Look at collet_ What does the value of FN mean. Let’s change it as follows


collate_fn=lambda x:x

And output


for i in loader:
 print(i)

Get the results


[(tensor([ 0, 1, 2], dtype=torch.int32), tensor([ 0], dtype=torch.int32)), (tensor([ 1, 2, 3], dtype=torch.int32), tensor([ 1], dtype=torch.int32)), (tensor([ 2, 3, 4], dtype=torch.int32), tensor([ 2], dtype=torch.int32))]
[(tensor([ 3, 4, 5], dtype=torch.int32), tensor([ 3], dtype=torch.int32)), (tensor([ 4, 5, 6], dtype=torch.int32), tensor([ 4], dtype=torch.int32)), (tensor([ 5, 6, 7], dtype=torch.int32), tensor([ 5], dtype=torch.int32))]
[(tensor([ 6, 7, 8], dtype=torch.int32), tensor([ 6], dtype=torch.int32)), (tensor([ 7, 8, 9], dtype=torch.int32), tensor([ 7], dtype=torch.int32)), (tensor([ 8, 9, 10], dtype=torch.int32), tensor([ 8], dtype=torch.int32))]
[(tensor([ 9, 10, 11], dtype=torch.int32), tensor([ 9], dtype=torch.int32))]

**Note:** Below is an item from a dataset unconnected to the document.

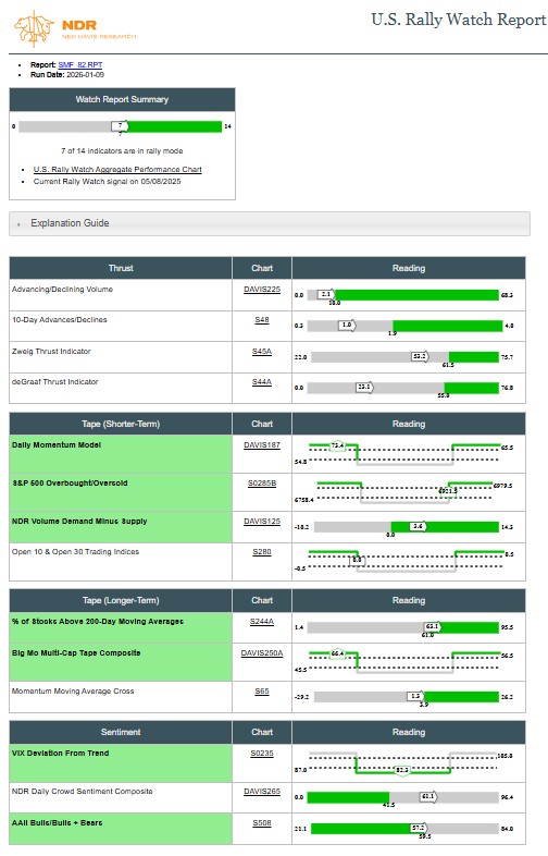 Big Mo Tape is one of the indicators in our Rally Watch Report. It's back to 7/14 bullish signals. The fact that the short-term breadth thrust indicators haven't fired isn't surprising. 3/4 short-term tape + 2/3 long-term tape says the trend is bullish. That 2/3 sentiment are still bullish implies not everyone is all in yet. 2/4
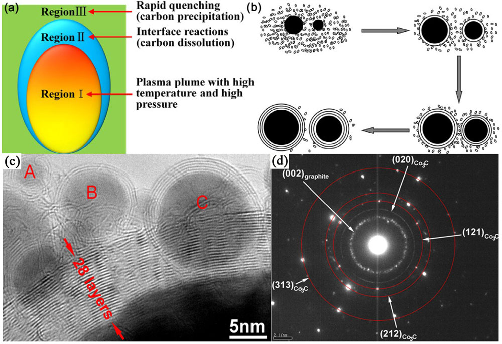 最近,固体所科研人员基于液相激光熔蚀(Laser ablation in liquids, LAL)技术,成功获得了洋葱层状碳包覆的Co3C/OLC纳米粒子。相对于无定形的壳层碳,洋葱层状的碳结晶性更好,具有更好的热学和化学稳定性,以及优异的电传导性和催化活性等。

Each I is a list, and each list contains a batch_ Each tuple contains individual data of tensordataset. Therefore, to recombine each batch into an input of 1 * 3 * 3 and a target of 1 * 3 * 1, you need to unpack and package it again. Look at our collet_ fn:


collate_fn=lambda x:(
 torch.cat(
  [x[i][j].unsqueeze(0) for i in range(len(x))], 0
  ).unsqueeze(0) for j in range(len(x[0]))
 )

J takes two variables: input and target. I got batch_ size。 Then, one dimension is added in front by unsqueeze (0) method. Torch. Cat (, 0) packages it. Then, one dimension is added in front by unsqueeze (0) method. Done.

The above pytorch tip: collet of dataloader_ FN parameter use detailed explanation is Xiaobian to share with you all the content, I hope to give you a reference, also hope you support developer.